The process, for both Ukrainians and Afghans, begins at the United Nations, when a person is officially designated a refugee.

Once applicants pass the initial U.N. screening, they are referred to the United States. At this point, the refugees have to pass interviews, medical exams and background checks. Getting the green light to travel to the U.S. can take two to five years.

The number of refugees allowed under the U.S. Refugee Admissions Program was dramatically cut under the Trump administration, leaving fewer resources within the government and resettlement agencies to handle the significant increase of refugee applications and arrivals.

“The refugee resettlement agencies were devastated by the cuts that the Trump administration made. So, they’re not geared up again to be able to handle large flows of refugees yet. And it often takes a year or more for background checks for normal refugee processing. I don’t know how they’re going to speed that up,” Yale-Loehr said.

This fiscal year’s cap for refugee acceptance is 125,000 but only 6,494 refugees were admitted in the first five months mostly because refugee resettlement agencies are straining to support 76,000 Afghan evacuees, who are not counted toward the refugee cap.

Title 42 exemptions

Some Ukrainians have traveled to Mexico to arrive at the U.S.-Mexico border where they hope to receive asylum in the United States.

Under current U.S. immigration law, officials at the border are expected to screen those who say they are afraid to go back to their home country because of persecution or ongoing conflict or a significant chance they might be tortured or killed.

But reaching the border does not guarantee immediate access into the U.S. because of the Title 42 guideline, which is a pandemic-related policy that mandates the rapid expulsion of migrants as a public health precaution.

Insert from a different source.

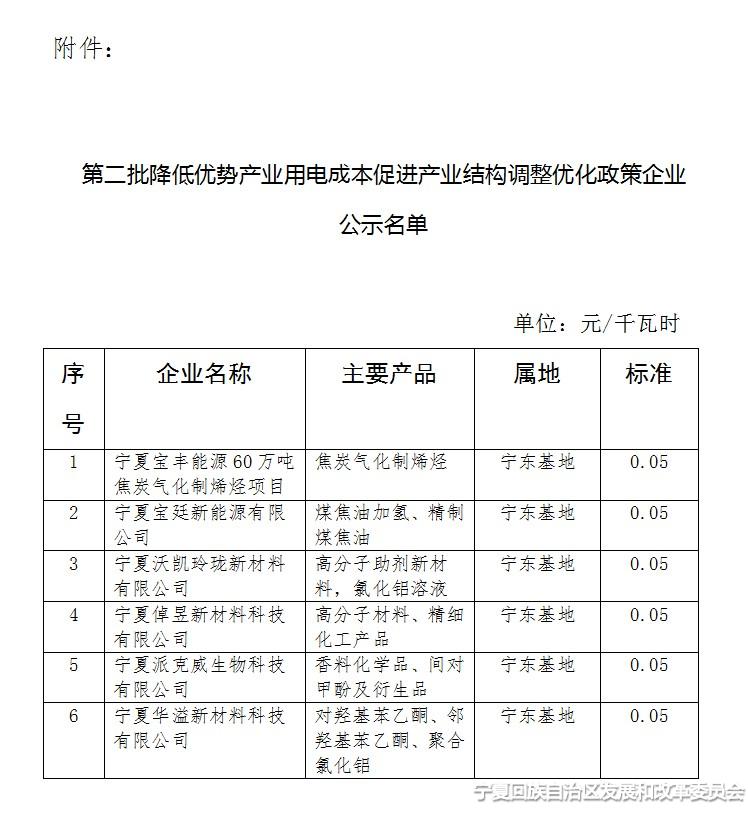 宁夏自治区发展改革委公布关于第二批享受降低优势产业用电成本促进产业结构调整优化政策企业名单,原文如下:
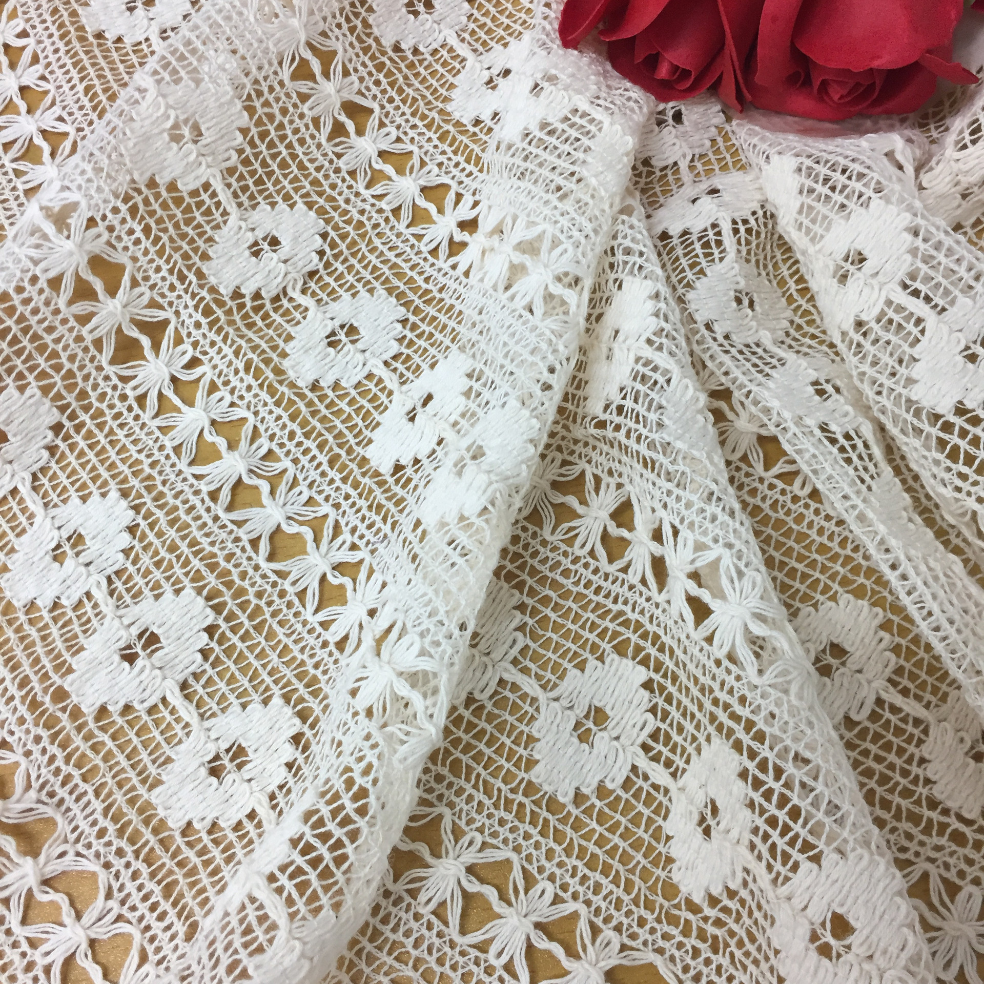 全棉米字排花蕾丝面料新 镂空勾花针织女装家居布料辅料 厂家直销

However, the Biden administration has agreed to allow U.S. immigration officials to use discretion toward Ukrainians at the border and decide on a case-by-case basis

“They just made an exception for Ukrainians as part of our foreign policy. I don’t think there’s anything in the legal framework that necessarily would have exempted Ukrainians from Title 42. So, I think they just made a foreign policy decision that they were about to let Ukrainians cross but not Russians or Afghans or people from other countries,” Yale-Loehr said.

As reported by the San Diego Tribune, Ukrainians have walked to the San Ysidro Port of Entry to request asylum and were allowed entry into the country.

Support from the American public for Ukrainian refugees and Afghan refugees also differs.

In March, a YouGov poll of 1,500 Americans showed that 54% of respondents are in favor of admitting Ukrainian refugees and 25% opposed.

For Afghan refugees, about 42% support welcoming Afghans.

Another poll, from Pew Research Center, showed that Democrats are more supportive of admitting Ukrainian refugees to the U.S. than are Republicans: 80% of Democrats said they supported admitting Ukrainian refugees, while for Republicans, the number was 57%.

A State Department spokesperson told VOA via email the U.S. commitment to Afghan refugees will not “wane as we open our doors to Ukrainians.”

“We are proud to have welcomed more than 75,000 Afghans in the United States since Kabul fell in August 2021. We continue to welcome Afghans through Operation Allies Welcome, including more than 600 who arrived within the past two or so weeks. Our commitment to resettling Afghans – particularly those who served on behalf of the U.S. effort in Afghanistan – remains steadfast,” a State Department spokesperson said.

Source: Immigration Experts Contrast US Support for Ukrainian, Afghan Refugees – Voice of America

US Special Immigration Program Refers More Than 5,000 Afghan Refugees to Canada – Voice of America

Of note:

The U.S. State Department has referred more than 5,000 Afghan refugees who were seeking admission to the United States to a parallel program in Canada, where waiting times for permanent residence are shorter.

State Department officials confirmed to VOA those referred to the special immigration program are not simultaneously going through the U.S. Refugee Admissions Program (USRAP).

“We are working with Canada to refer up to 5,000 refugees to Canada, independent of our ongoing efforts for U.S. resettlement,” a State Department spokesperson told VOA.

On the Canadian side, Immigration, Refugees and Citizenship Canada (IRCC) said Afghan refugees referred by the U.S. are coming to Canada from third countries, where they have been located since they fled Afghanistan.

Masuma Haidari, 37 and a software engineer in Afghanistan, is one of the people benefiting from the partnership between the two countries. She was able to leave Afghanistan in August 2021 and lived in North Macedonia for more than six months.

Private organizations helped her leave Afghanistan and find her way through the program that led her to Canada.

Haidari told VOA she was about to get the keys to her first apartment in Calgary, Canada.

“It’s not bad,” Haidari said. “The government helps us with money and we (must) manage to cover all costs.”

But with her background in software engineering and having worked for the Afghan government, she hopes it will be useful in her new Canadian life.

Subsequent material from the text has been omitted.